-- GIVEN DATA follows --
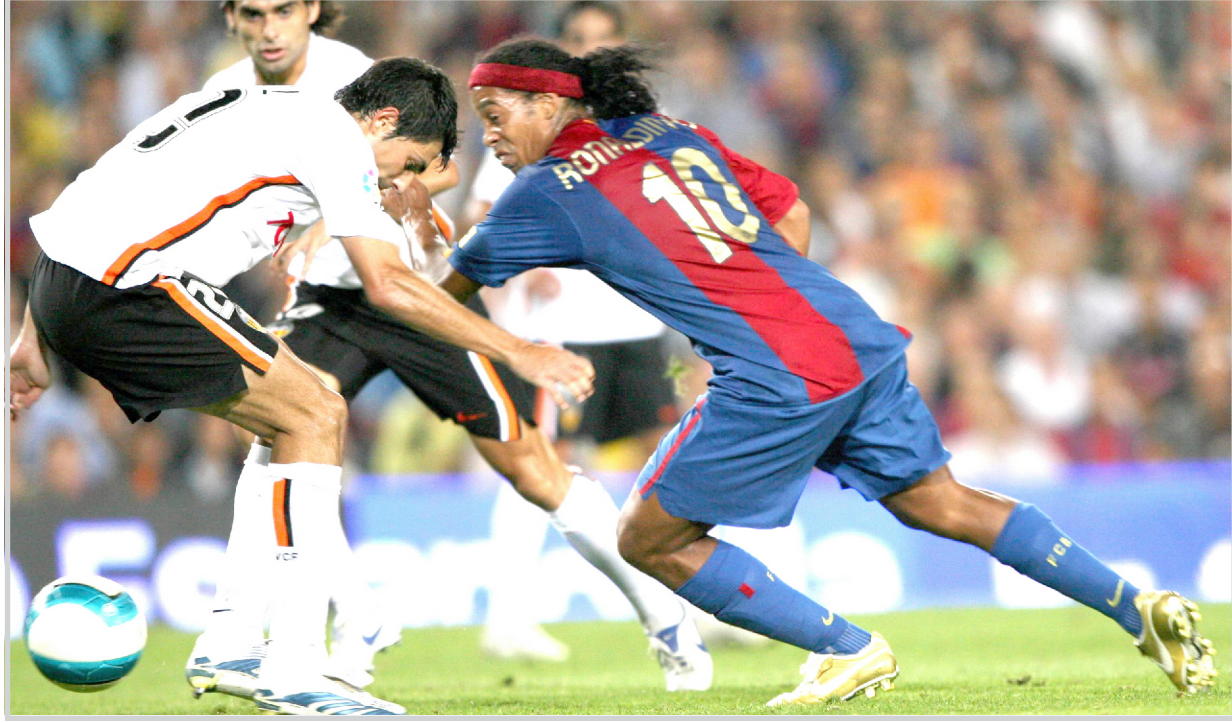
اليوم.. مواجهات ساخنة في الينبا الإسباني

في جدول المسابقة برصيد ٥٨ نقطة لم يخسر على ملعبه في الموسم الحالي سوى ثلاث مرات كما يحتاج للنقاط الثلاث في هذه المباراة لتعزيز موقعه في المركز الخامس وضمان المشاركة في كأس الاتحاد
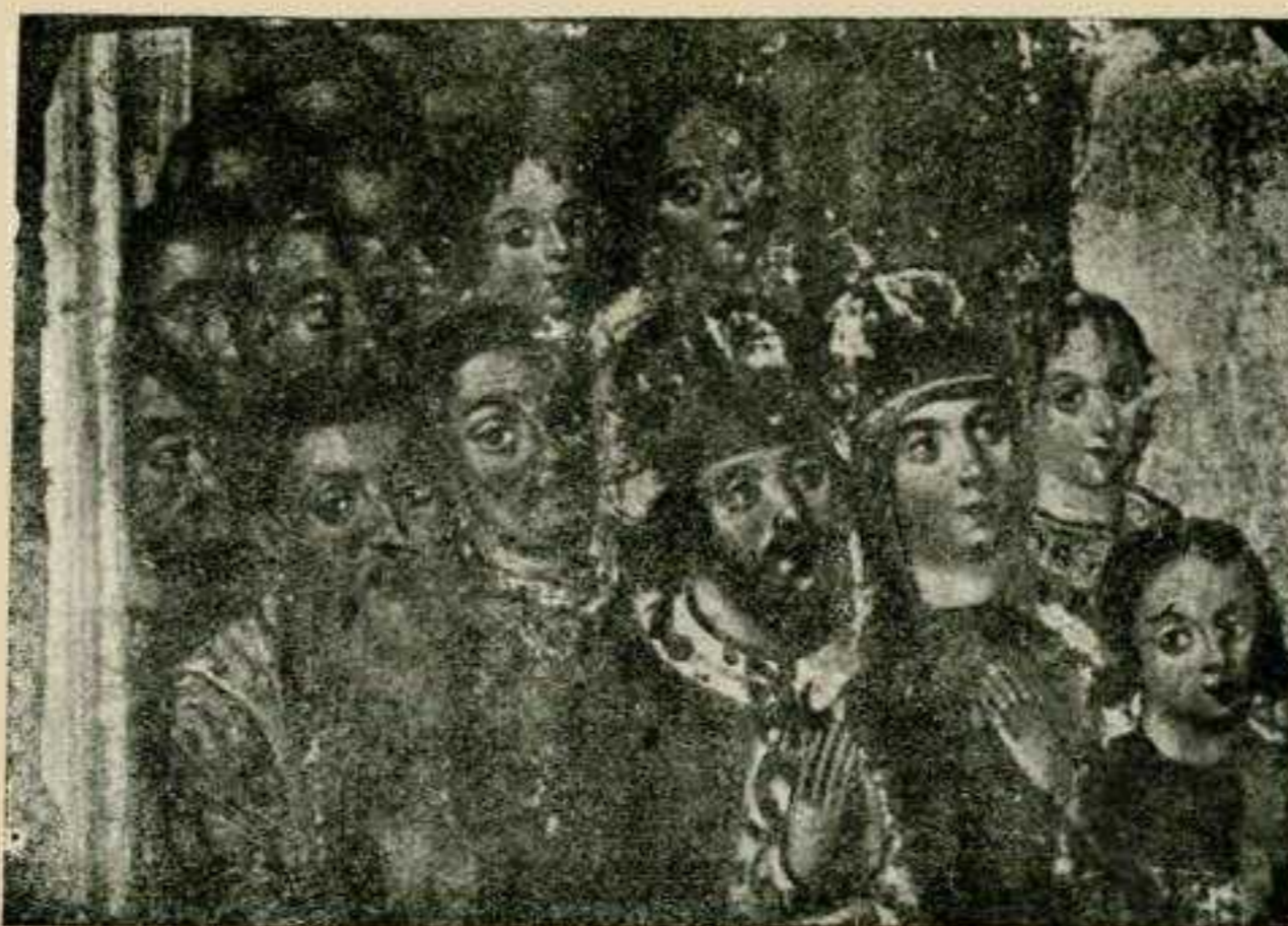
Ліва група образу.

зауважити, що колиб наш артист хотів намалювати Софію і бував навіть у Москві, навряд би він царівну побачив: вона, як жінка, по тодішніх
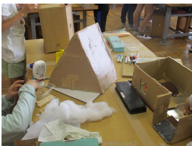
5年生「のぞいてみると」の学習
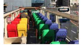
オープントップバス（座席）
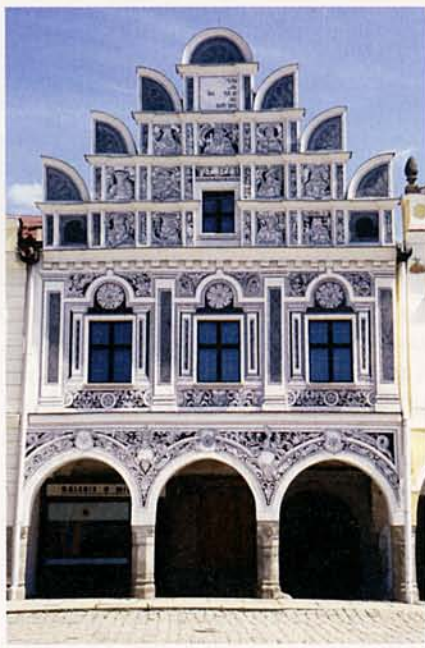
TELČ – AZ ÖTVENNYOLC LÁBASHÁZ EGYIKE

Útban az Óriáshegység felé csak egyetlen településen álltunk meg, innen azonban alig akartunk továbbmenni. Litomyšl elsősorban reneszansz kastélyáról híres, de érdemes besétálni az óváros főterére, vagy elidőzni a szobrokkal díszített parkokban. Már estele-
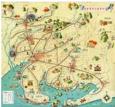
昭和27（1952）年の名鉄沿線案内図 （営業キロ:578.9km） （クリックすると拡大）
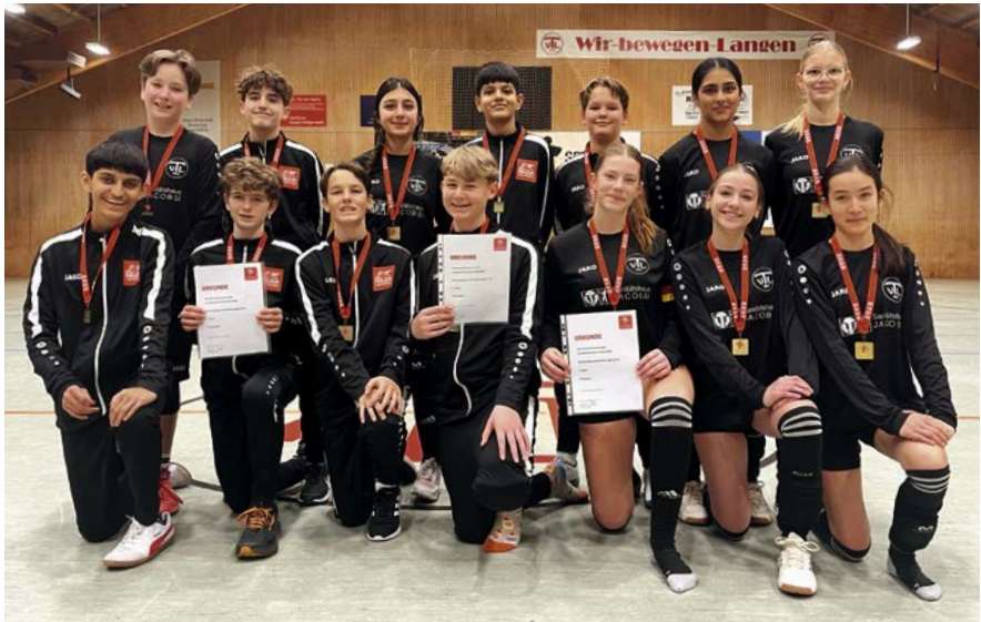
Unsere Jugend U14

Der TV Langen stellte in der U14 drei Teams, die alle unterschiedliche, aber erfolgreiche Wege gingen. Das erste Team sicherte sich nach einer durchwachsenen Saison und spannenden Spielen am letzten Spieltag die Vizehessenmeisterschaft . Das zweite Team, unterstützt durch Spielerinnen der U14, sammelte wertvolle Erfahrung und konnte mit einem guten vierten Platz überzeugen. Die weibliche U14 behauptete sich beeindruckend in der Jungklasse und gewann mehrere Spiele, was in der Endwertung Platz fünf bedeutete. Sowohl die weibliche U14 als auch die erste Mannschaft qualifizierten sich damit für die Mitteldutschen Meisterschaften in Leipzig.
-- GIVEN DATA concluded --
-- GIVEN DATA follows --
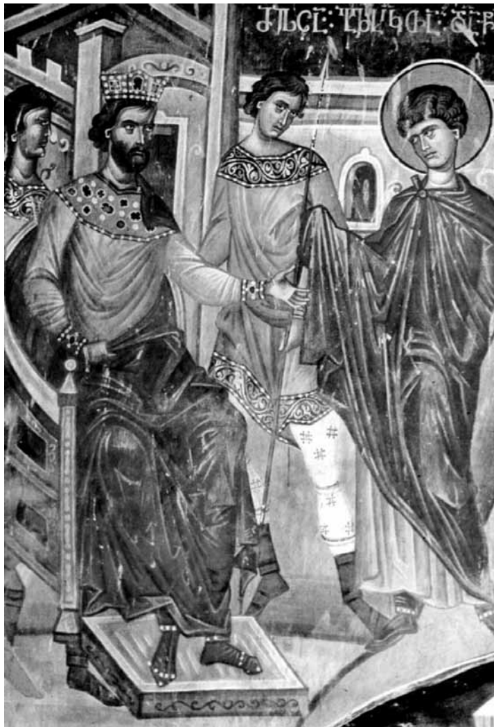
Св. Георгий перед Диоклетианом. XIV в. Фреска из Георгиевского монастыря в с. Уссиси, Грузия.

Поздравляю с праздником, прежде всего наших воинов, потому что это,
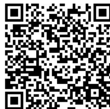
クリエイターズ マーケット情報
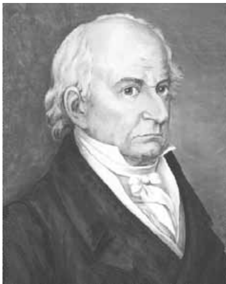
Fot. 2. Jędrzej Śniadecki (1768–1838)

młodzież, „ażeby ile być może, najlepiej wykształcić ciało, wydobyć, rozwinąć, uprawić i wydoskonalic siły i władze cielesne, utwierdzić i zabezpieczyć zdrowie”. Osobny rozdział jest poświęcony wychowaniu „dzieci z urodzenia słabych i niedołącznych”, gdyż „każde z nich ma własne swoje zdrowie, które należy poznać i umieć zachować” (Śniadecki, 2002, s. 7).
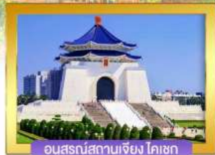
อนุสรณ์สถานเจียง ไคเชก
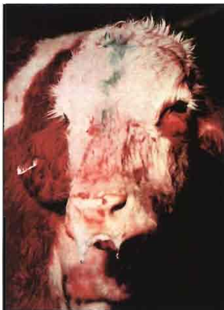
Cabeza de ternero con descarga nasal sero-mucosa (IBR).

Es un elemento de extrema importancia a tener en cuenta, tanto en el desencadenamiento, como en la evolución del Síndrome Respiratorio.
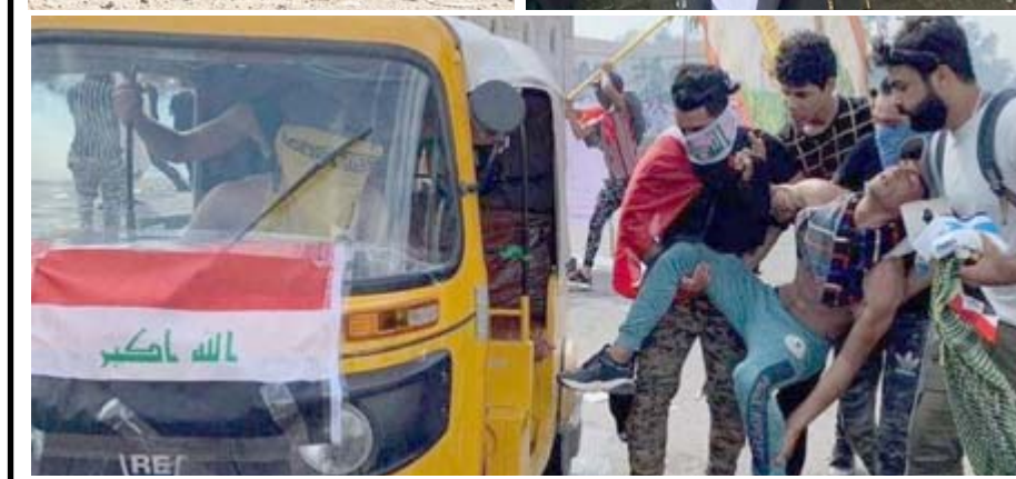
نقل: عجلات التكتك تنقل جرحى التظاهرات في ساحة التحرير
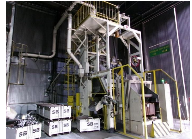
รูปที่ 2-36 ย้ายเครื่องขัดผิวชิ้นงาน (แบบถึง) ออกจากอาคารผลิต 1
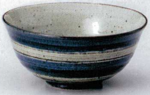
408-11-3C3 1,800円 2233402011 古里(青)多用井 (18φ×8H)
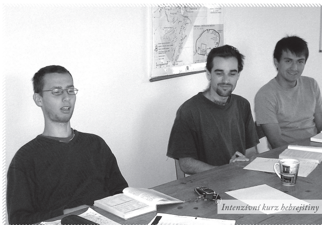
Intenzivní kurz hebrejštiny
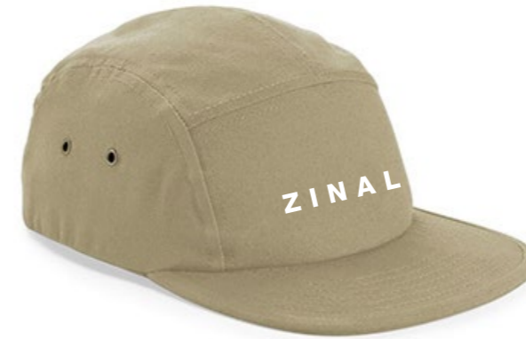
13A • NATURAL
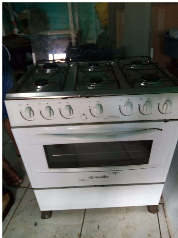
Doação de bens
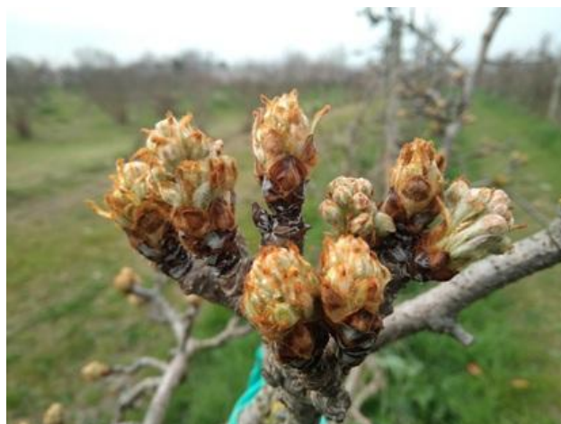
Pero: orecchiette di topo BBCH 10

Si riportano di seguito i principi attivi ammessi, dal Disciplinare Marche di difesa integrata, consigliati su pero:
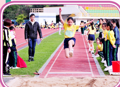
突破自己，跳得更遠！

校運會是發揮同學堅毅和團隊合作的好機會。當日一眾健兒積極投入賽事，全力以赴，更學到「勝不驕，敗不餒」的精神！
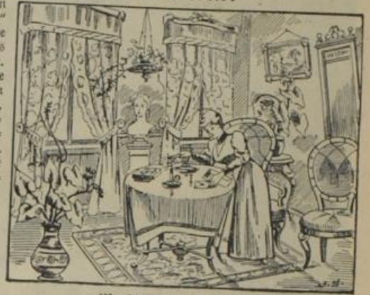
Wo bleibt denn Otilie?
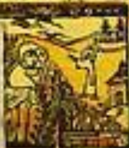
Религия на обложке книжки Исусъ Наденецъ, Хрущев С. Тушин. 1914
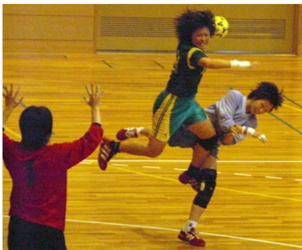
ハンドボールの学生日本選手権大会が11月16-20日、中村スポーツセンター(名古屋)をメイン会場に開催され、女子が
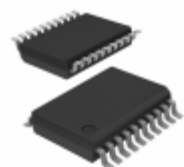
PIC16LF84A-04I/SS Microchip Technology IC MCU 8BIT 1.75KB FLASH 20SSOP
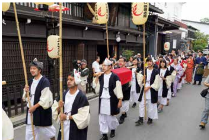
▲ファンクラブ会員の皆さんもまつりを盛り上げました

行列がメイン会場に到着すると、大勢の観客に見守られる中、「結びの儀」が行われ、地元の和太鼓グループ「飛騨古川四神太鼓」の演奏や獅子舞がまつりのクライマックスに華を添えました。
-- GIVEN DATA concluded --
-- GIVEN DATA follows --
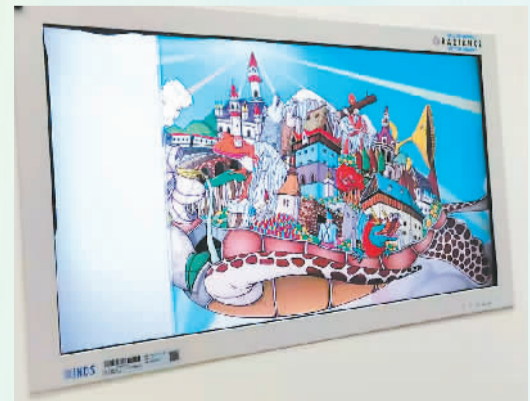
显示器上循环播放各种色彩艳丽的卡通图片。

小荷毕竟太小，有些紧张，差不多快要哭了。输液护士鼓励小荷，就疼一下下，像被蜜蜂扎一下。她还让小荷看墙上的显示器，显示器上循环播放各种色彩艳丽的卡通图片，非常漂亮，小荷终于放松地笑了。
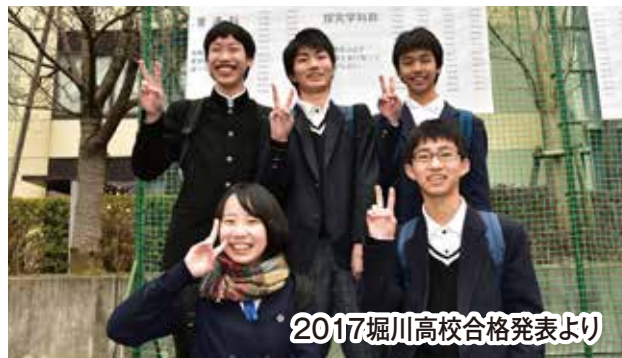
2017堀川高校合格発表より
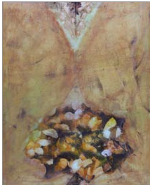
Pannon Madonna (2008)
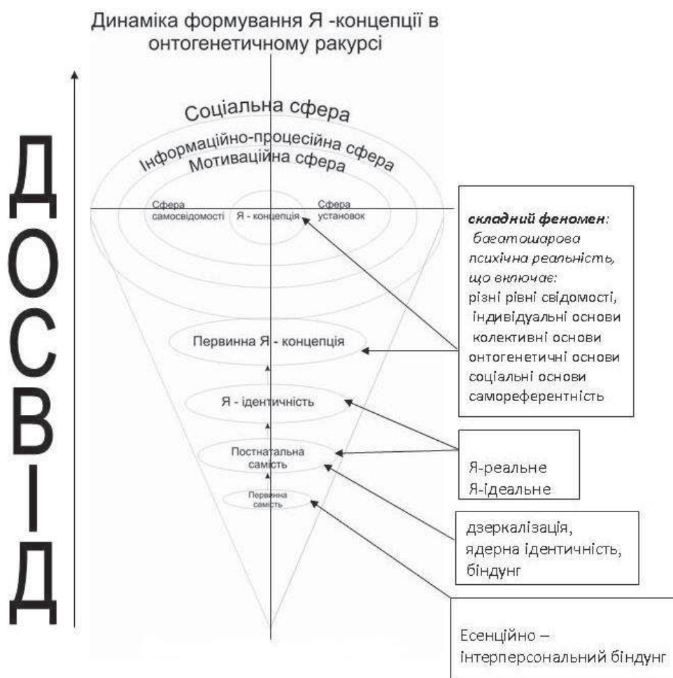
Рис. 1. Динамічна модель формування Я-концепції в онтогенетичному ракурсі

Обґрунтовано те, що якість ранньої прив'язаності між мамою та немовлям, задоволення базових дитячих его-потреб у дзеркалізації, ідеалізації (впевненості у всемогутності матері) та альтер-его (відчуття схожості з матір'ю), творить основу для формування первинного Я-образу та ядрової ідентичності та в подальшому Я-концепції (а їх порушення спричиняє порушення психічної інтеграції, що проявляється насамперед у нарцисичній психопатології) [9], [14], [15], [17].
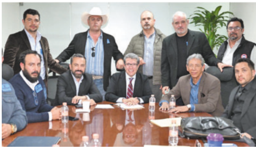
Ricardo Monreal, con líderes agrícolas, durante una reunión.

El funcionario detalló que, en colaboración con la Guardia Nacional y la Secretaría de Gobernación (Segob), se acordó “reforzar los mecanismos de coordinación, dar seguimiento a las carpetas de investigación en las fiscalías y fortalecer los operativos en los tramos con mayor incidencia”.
-- GIVEN DATA concluded --
* _WHAT TO PRODUCE_: Working from the entries above, reproduce exactly and only the lines beginning with the line that has "รูปที่ 2-36 ย้ายเครื่องขัดผิวชิ้นงาน" and ending with the line that has "ハンドボールの学生日本選手権"; omit all pictures.

* _OUTPUT BELOW_:
รูปที่ 2-36 ย้ายเครื่องขัดผิวชิ้นงาน (แบบถึง) ออกจากอาคารผลิต 1
408-11-3C3 1,800円 2233402011 古里(青)多用井 (18φ×8H)
Intenzivní kurz hebrejštiny
13A • NATURAL
Doação de bens
Pero: orecchiette di topo BBCH 10

Si riportano di seguito i principi attivi ammessi, dal Disciplinare Marche di difesa integrata, consigliati su pero:
突破自己，跳得更遠！

校運會是發揮同學堅毅和團隊合作的好機會。當日一眾健兒積極投入賽事，全力以赴，更學到「勝不驕，敗不餒」的精神！
Wo bleibt denn Otilie?
Религия на обложке книжки Исусъ Наденецъ, Хрущев С. Тушин. 1914
ハンドボールの学生日本選手権大会が11月16-20日、中村スポーツセンター(名古屋)をメイン会場に開催され、女子が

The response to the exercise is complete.